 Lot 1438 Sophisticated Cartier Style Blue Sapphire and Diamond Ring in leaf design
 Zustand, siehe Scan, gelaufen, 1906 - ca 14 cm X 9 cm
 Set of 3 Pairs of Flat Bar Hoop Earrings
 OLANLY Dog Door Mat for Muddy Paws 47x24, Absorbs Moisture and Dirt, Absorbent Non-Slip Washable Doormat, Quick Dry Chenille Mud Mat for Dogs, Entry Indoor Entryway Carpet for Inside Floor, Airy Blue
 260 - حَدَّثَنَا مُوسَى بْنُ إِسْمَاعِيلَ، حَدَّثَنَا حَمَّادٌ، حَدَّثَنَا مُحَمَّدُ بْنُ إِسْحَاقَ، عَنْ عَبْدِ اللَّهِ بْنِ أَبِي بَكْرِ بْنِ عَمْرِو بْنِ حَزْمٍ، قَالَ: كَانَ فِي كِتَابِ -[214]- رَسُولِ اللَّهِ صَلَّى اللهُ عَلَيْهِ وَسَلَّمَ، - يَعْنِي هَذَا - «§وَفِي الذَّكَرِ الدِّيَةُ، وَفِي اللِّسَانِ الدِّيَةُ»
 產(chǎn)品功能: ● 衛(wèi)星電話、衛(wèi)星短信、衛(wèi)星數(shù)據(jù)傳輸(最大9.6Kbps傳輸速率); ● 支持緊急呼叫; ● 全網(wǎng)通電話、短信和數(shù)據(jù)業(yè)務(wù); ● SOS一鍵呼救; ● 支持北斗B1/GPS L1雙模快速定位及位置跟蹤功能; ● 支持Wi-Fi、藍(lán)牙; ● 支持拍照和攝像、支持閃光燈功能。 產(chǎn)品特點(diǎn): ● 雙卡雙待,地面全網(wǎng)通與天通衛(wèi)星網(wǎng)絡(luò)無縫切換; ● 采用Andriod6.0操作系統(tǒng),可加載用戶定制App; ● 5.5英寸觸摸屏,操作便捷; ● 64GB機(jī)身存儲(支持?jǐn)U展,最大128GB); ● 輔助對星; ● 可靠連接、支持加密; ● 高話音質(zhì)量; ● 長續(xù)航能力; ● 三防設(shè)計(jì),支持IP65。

# [Task instructions]
From the records above, pull every line that has the string "Blue" and copy it.

# [Exercise response]
 Lot 1438 Sophisticated Cartier Style Blue Sapphire and Diamond Ring in leaf design
 OLANLY Dog Door Mat for Muddy Paws 47x24, Absorbs Moisture and Dirt, Absorbent Non-Slip Washable Doormat, Quick Dry Chenille Mud Mat for Dogs, Entry Indoor Entryway Carpet for Inside Floor, Airy Blue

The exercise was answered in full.